→ **TASK GOAL**
Write out, word for word, each line from the start of the entries through the one holding "A nappali igazi"; omit the pictures.

DATA EXTRACT Start Marker

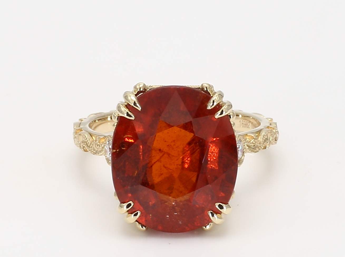 OVAL MANDARIN GARNET & ROUND DIAMOND 14KY RING
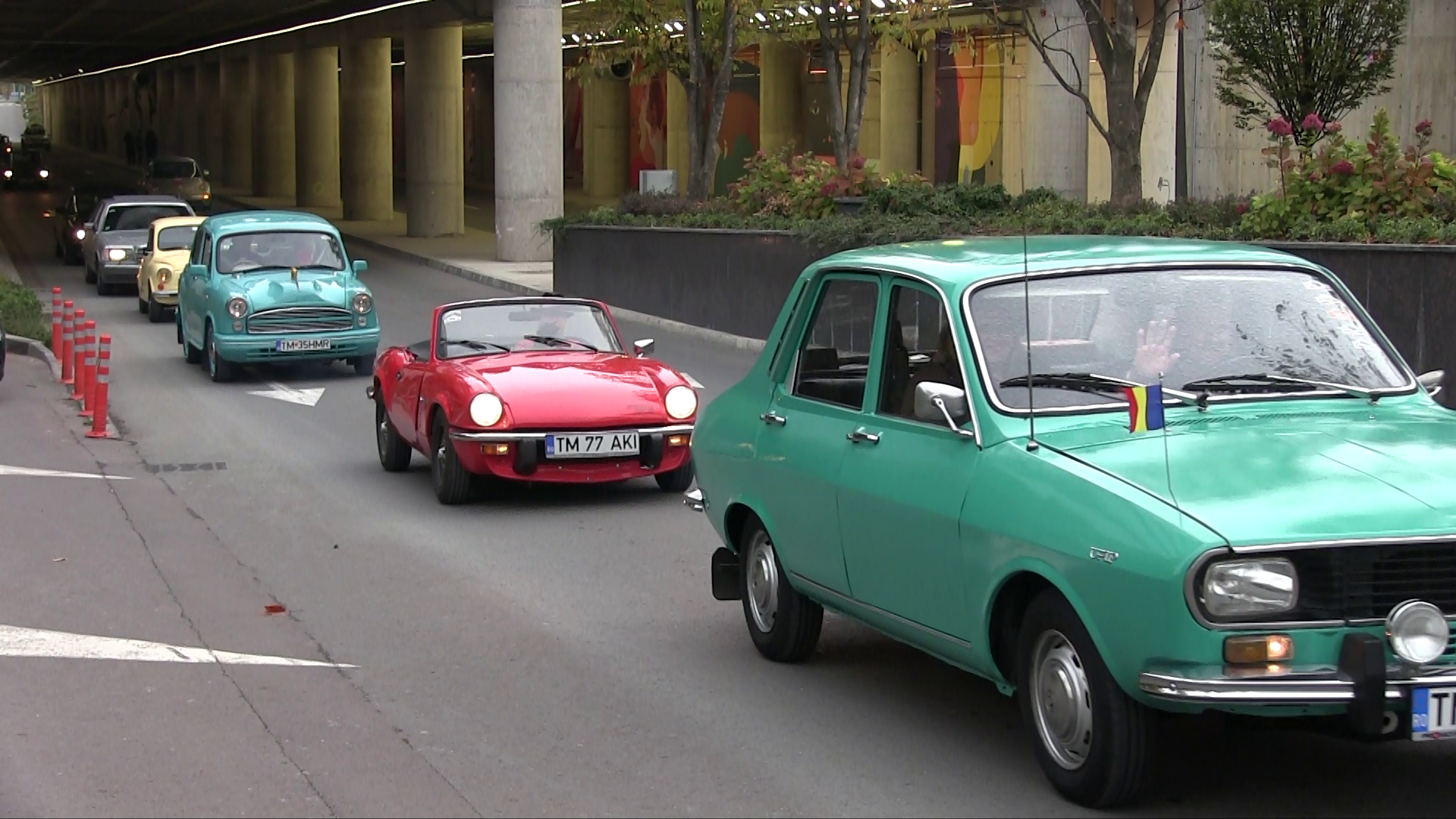 Șoferii au mers pe traseul Giarmata – Timișoara, cu mașinile de epocă, inclusiv prin zona pasajului Iulius Town, pe care l-au traversat de mai multe ori.
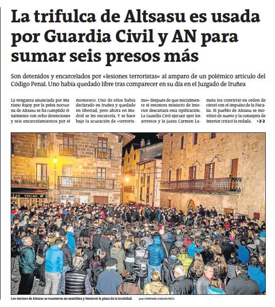 Y no solo no se movía, sino que incluso daba algún salto hacia atrás. Así ocurrió el 15 de octubre en Altsasu, donde una trifulca de taberna acabó con siete jóvenes en la cárcel y una acusación de «terrorismo» en la Audiencia Nacional. El motivo: entre los implicados había dos guardia civiles y sus parejas. Ahí se agarró Covite para llevar la causa a Madrid.
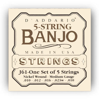 J61, DAddarios most popular 5-string banjo set, provides the ideal balance of playing tension and bright, projecting tone.
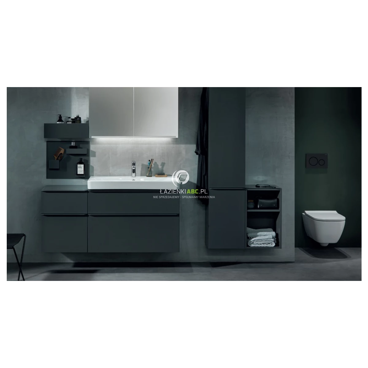 Seria Geberit Smyle to kwintesencja nowoczesnego designu w łazience, łącząca elegancję z funkcjonalnością. Toalety z tej serii charakteryzują się minimalistycznym stylem i innowacyjnymi rozwiązaniami, zapewniając komfort i oszczędność wody. Umywalki Smyle prezentują harmonijne proporcje i czyste linie, podkreślając nowoczesność wnętrza, a meble łazienkowe oferują nie tylko estetykę, lecz także praktyczne rozwiązania do przechowywania, doskonale wpisujące się w koncepcję funkcjonalnej elegancji.
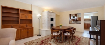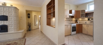 A nappali igazi ékköve egy gyönyörű cserépkályha, amely a téli estéken különleges hangulatot és kellemes meleget biztosít.
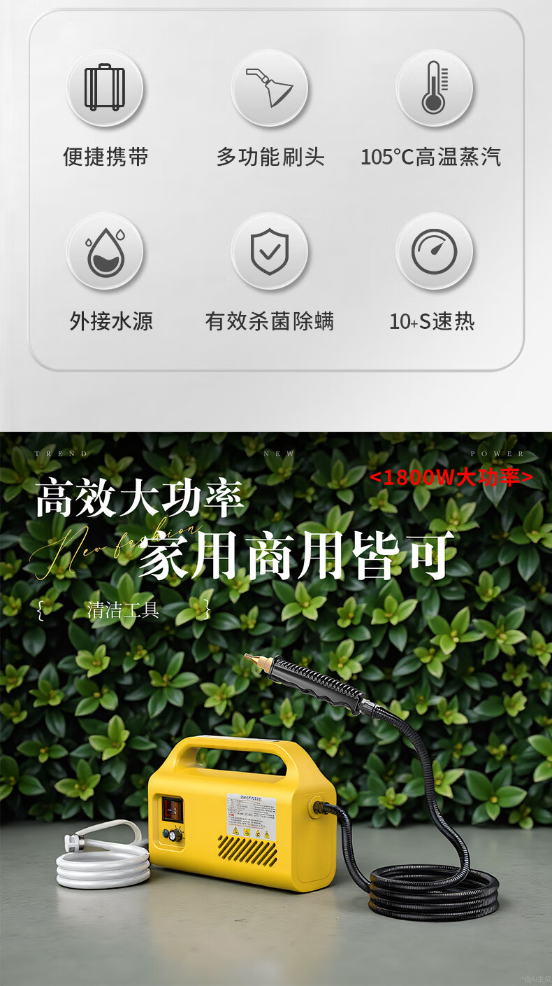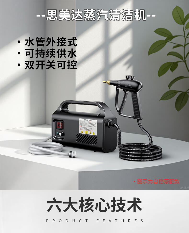 SMAYDA high temperature and high pressure steam cleaner, household kitchen range hood cleaning artifact, multi-functional commercial car washing machine, automatic spray gun, yellow, luxury equipment - start and stop + rich accessories
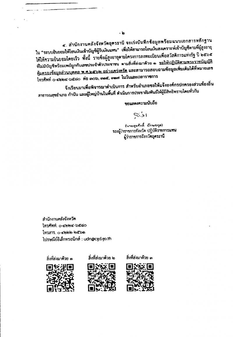การจ่ายเงินสงเคราะห์ เพื่อการยังชีพแก่ผู้สูงอายุที่มีรายได้น้อยที่ได้รับสิทธิ์ในโครงการลงทะเบียนเพื่อสวัสดิการแห่งรัฐ​ ปี 2565
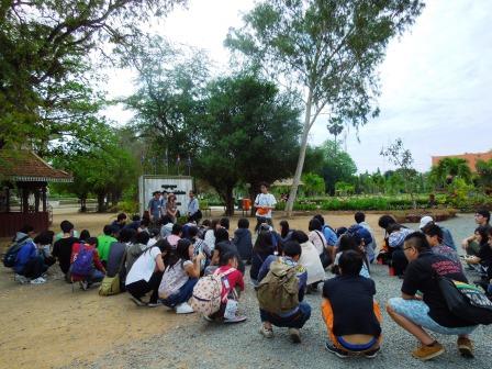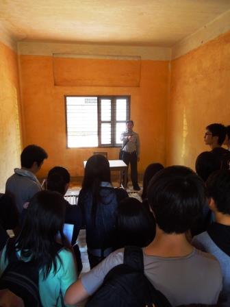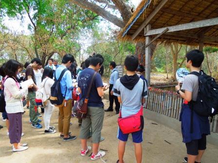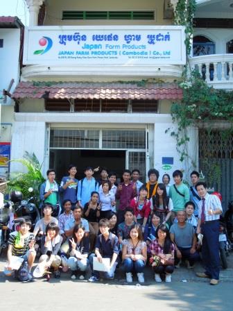 プノンペンに戻り、カンボジアの辛い歴史と向き合う半日です。ポルポト政権下のカンボジアの国民がどれほど苦しい思いをしてきたかは、生徒たちも事前学習である程度学んできています。しかし、「キリングフィールド」「トゥールスレン博物館」をカンボジアの現地ガイドさんの生々しいお話とともに見学する経験は、子どもたちに多くの「問い」を投げかけ、心に深く突き刺さったことでしょう。 午後は、現在のカンボジア経済について学ぶ企業訪問です。今回は『Japan Farm Products』という日系企業を訪問させていただきました。日本の農産物をアジア圏で商品として展開するために、カンボジアの地で農作物を生産し、ブランディングをして付加価値をつけ、販売している企業です。まだ起業して間もない会社ですが、その経営方針や戦略は、アジア圏で経済活動をするためのアイディアや手法が多く盛り込まれており、生徒たちはメモをとって熱心に会社の方のお話を聞いていました。
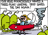 Spiff humorously alludes to the lackluster insurance policy for his spacecraft a few times. Due to extremely frequent crashes, he has very high premiums[3], and he refused the towing rider (a decision he was shown bitterly regretting in one strip), preventing him from being rescued off of inhospitable, far-off alien planets[4].
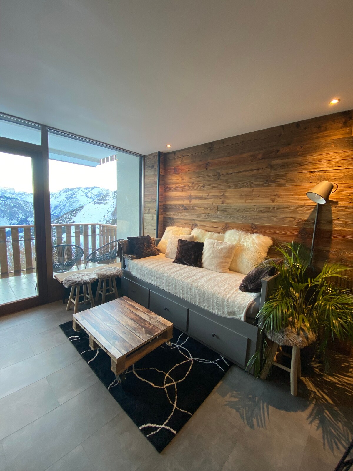 Fallegt stúdíó sem er um 32m2 að stærð, fullbúið í hreinum fjallaanda, mjög notalegt með stóru lokuðu svefnaðstöðu með 2 hjónarúmum 120x190cm/ baðherbergi með þvottaþurrku/sjálfstæðri snyrtingu/stofu með svefnsófa í 160x200 (dýna 18 cm þykk) /fullbúið eldhús/tengt sjónvarp/ókeypis þráðlaust net/svalir sem snúa í suður (1. hæð) / stórt öruggt bílastæði við hlið /skíðaskáp Framúrskarandi staðsetning á miðjum dvalarstaðnum.
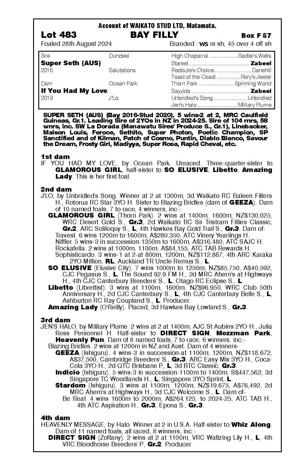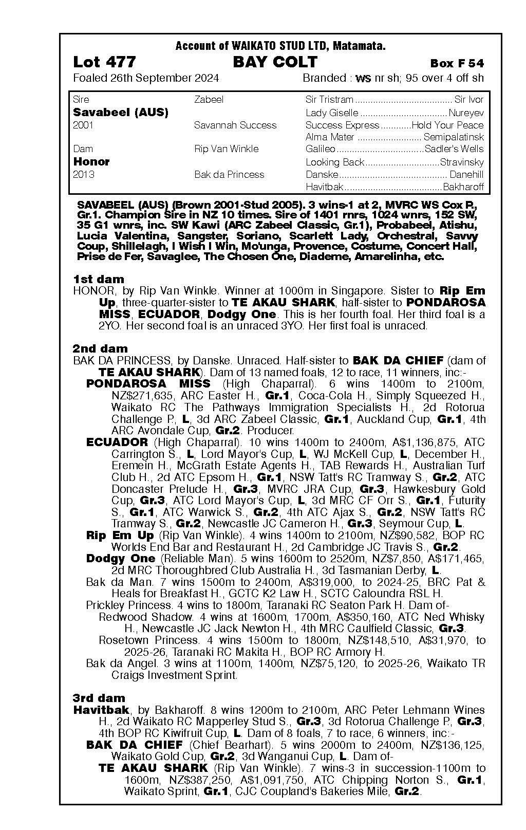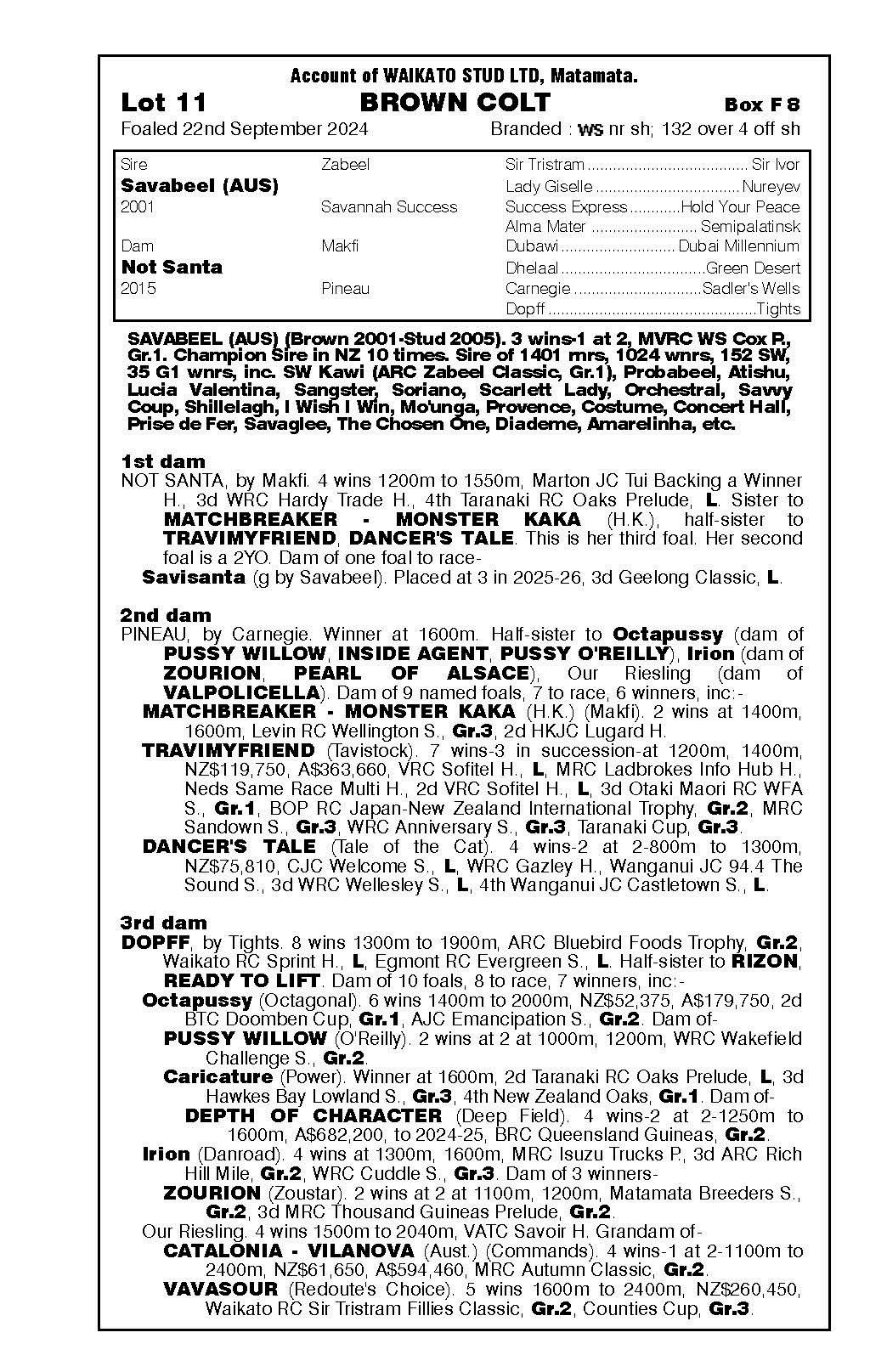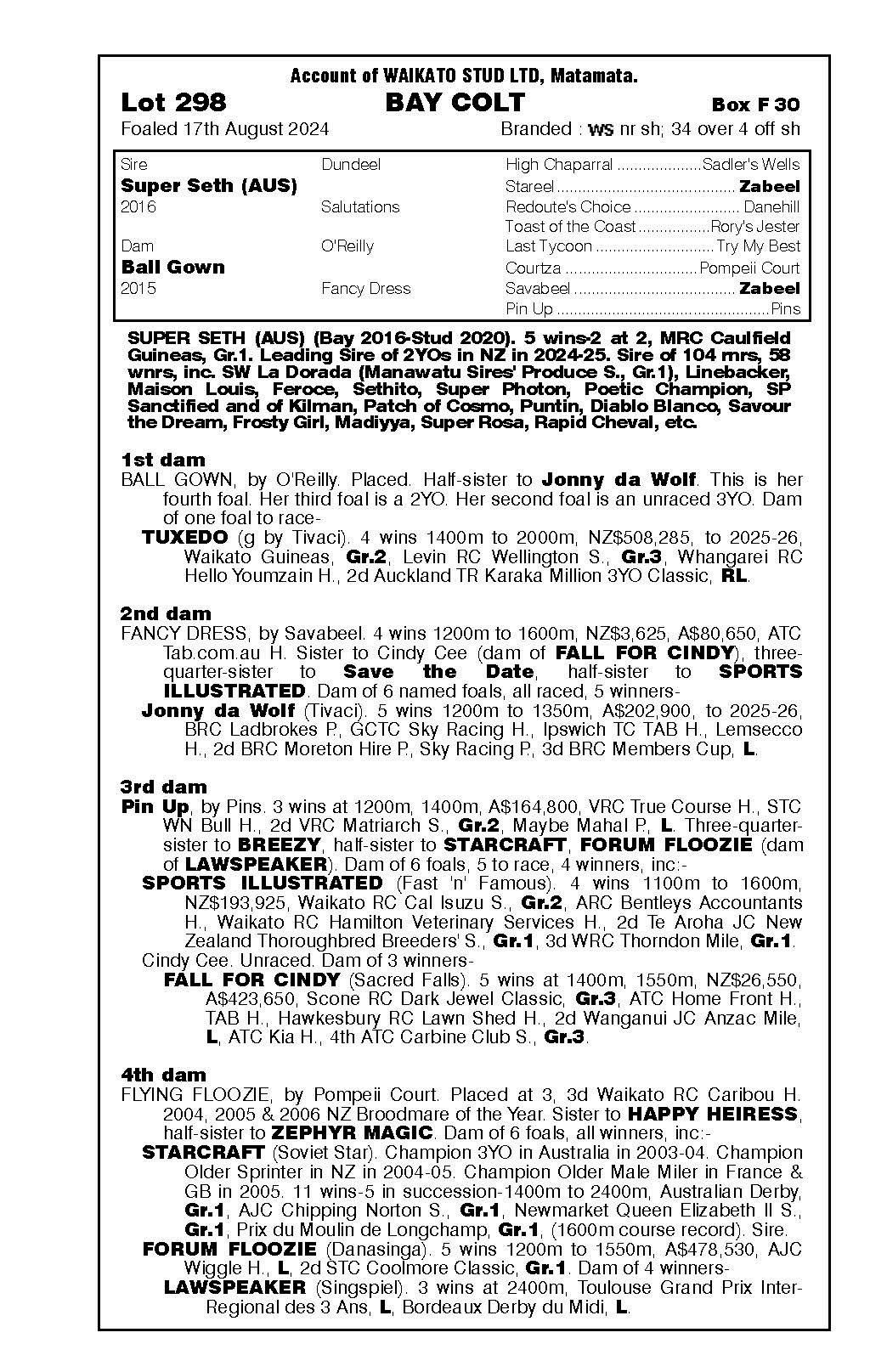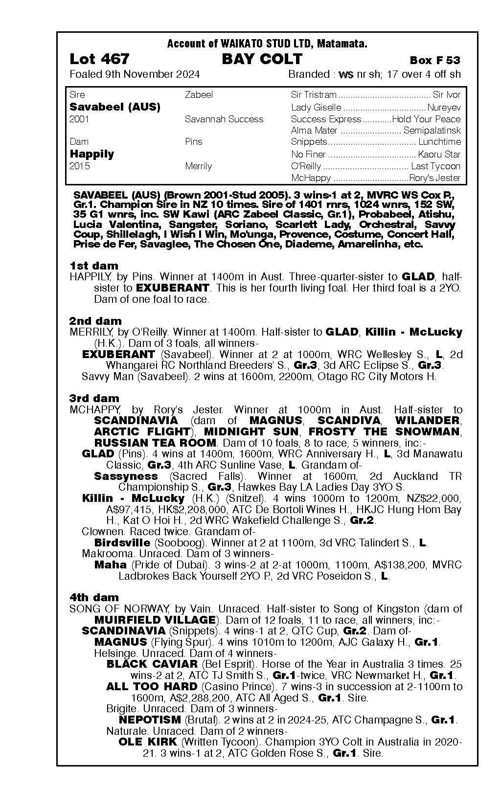 official ownership Waikato Stud 50% Del Mar Bloodstock (Gary Wallace) 50%

DATA EXTRACT End Marker

→ **OUTPUT OF THE TASK**
 OVAL MANDARIN GARNET & ROUND DIAMOND 14KY RING
 Șoferii au mers pe traseul Giarmata – Timișoara, cu mașinile de epocă, inclusiv prin zona pasajului Iulius Town, pe care l-au traversat de mai multe ori.
 Y no solo no se movía, sino que incluso daba algún salto hacia atrás. Así ocurrió el 15 de octubre en Altsasu, donde una trifulca de taberna acabó con siete jóvenes en la cárcel y una acusación de «terrorismo» en la Audiencia Nacional. El motivo: entre los implicados había dos guardia civiles y sus parejas. Ahí se agarró Covite para llevar la causa a Madrid.
 J61, DAddarios most popular 5-string banjo set, provides the ideal balance of playing tension and bright, projecting tone.
 Seria Geberit Smyle to kwintesencja nowoczesnego designu w łazience, łącząca elegancję z funkcjonalnością. Toalety z tej serii charakteryzują się minimalistycznym stylem i innowacyjnymi rozwiązaniami, zapewniając komfort i oszczędność wody. Umywalki Smyle prezentują harmonijne proporcje i czyste linie, podkreślając nowoczesność wnętrza, a meble łazienkowe oferują nie tylko estetykę, lecz także praktyczne rozwiązania do przechowywania, doskonale wpisujące się w koncepcję funkcjonalnej elegancji.
 A nappali igazi ékköve egy gyönyörű cserépkályha, amely a téli estéken különleges hangulatot és kellemes meleget biztosít.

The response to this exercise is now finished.